References to fishing grounds off Arklow can be found in Patrician legends and medieval documents. Over the centuries the activity and the area became synonymous, so that by the 1800s the ‘Arklow Fishery’ denoted both the practice and the place. The entry for Arklow in Lewis’s Topographical dictionary (1837) begins: ‘This place . . . appears to have been occupied as a fishing station since time immemorial’. At first glance, ‘this place’ might refer to the town as a whole, but the article goes on to say that ‘[Arklow] is divided into the Upper and Lower Towns, which latter is called the “fishery”’.
A place apart
This separateness had already been observed twenty years earlier by the parish rector, Revd Henry Lambart Bayly, who wrote that ‘[the fishermen are] a race distinct from the other inhabitants, occupying a separate part of the town’. The centrepiece of his article in William Shaw Mason’s Statistical account or parochial survey of Ireland (1816) is a map in which the ‘Town of Arklow’ and the ‘Fishery’ are clearly separate entities.
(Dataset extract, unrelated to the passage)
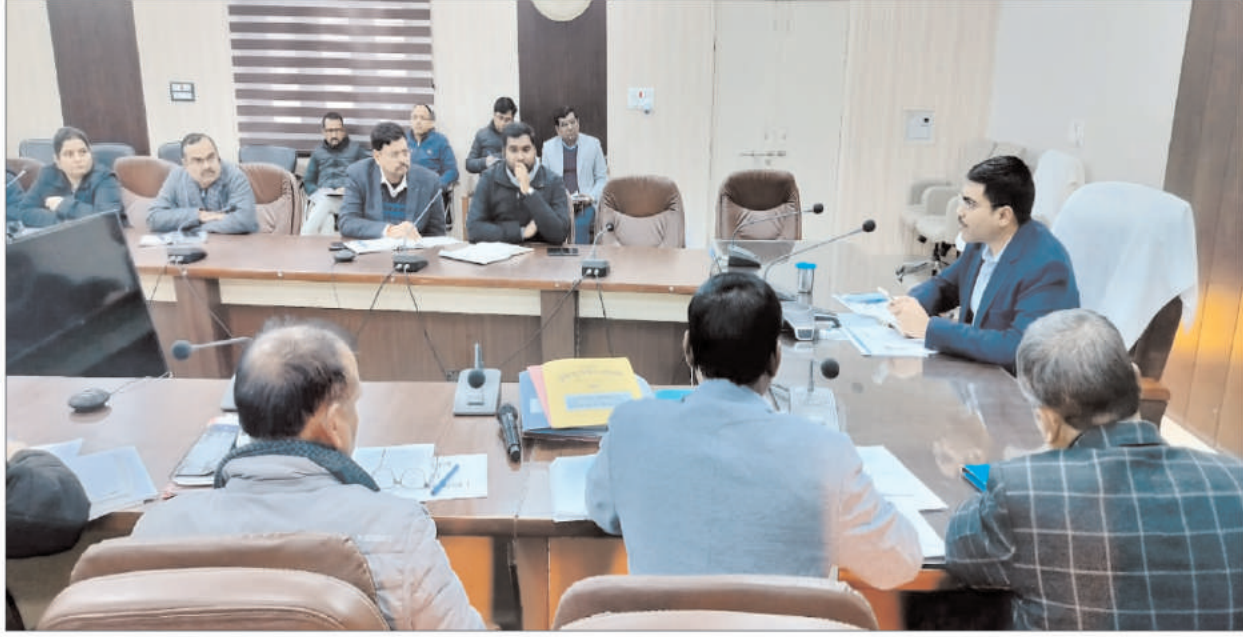
करते हुए कहा कि उप जिलाधिकारी एवं खंड विकास अधिकारी के माध्यम से अमर गौवंश संरक्षण में अपने कर्तव्यों के निर्वहन ना करने या आवश्यक सहयोग ना देने के लिए किसी भी सचिव या प्रधान के विरुद्ध आख्या प्राप्त होती है तो उसे बिना लंबित रखे हुए तत्काल कार्यवाही की जाए। जिलाधिकारी ने सहभागिता योजना को लेकर भी चर्चा की और संबंधित को निर्देशित करते हुए कहा कि अगर कोई व्यक्ति गौवंश रखना चाहता है तो उसको सहभागिता के अंतर्गत गौवंश दिए जाएं तथा उसका सत्यापन भी नियमित करवाया जाये।

Griffith’s Valuation, compiled for Arklow in 1854, also cites ‘The Fishery’ as a distinct location, even though it was never officially designated a townland. In fact, of 917 properties 471 (over 51%, mostly of the poorest-quality houses) are listed as being in the Fishery. Given this semi-official status, it is surprising that it does not appear in Liam Price’s Place-names of County Wicklow (1967). Despite Price’s omission, the Fishery was a substantial and recognised location.
Where was it?
Pinpointing its location is more difficult than establishing its ‘separateness’. Contradictory demarcations throughout the nineteenth and twentieth centuries show that its boundaries were not fixed. They were prone to move seaward, as more houses for the poor were built on the eastern fringe, especially during rapid increases in population in the early 1800s and again in the aftermath of the Famine, while the western edge, abutting Main Street, grew more prosperous and was thus subsumed into the perceived respectability of the ‘Upper Town’. Despite its shifting locale, there was a general understanding as to what part of the town was implied when the ‘Fishery’ was referred to.
What was it?
The Fishery should not be viewed as a specific set of streets and lanes but as a community with a distinct heritage and lifestyle. Families whose livelihood was gleaned from the sea but who lived in lanes at the west end of the town and off Main Street were as much part of the ‘Fishery’ as those who lived in the eastern end adjacent to the harbour. It was not so much an address as a way of life. This is fundamental to understanding not only how that community worked but also how it came into being, evolving from a centuries-old fishing industry, and how it disappeared when that industry faded into insignificance as the local economic base changed in the first half of the twentieth century.
A way of life
The Fishery’s identity was shaped by its relationship with the sea, the lives of its inhabitants regulated by the various types of fishing throughout the year. A calendar different from that of land-based people was created and adhered to, and this had wide-reaching implications. For example, the fact that many of the men followed migratory shoals of herring and mackerel led to serious misrepresentation of population figures in the Fishery when censuses were taken. The 1901 census was taken on 31 March, and the 1911 census was taken at roughly the same time of year. Each shows a remarkable scarcity of young and middle-aged men in the Fishery—they were mackerel-fishing off Kinsale and Baltimore.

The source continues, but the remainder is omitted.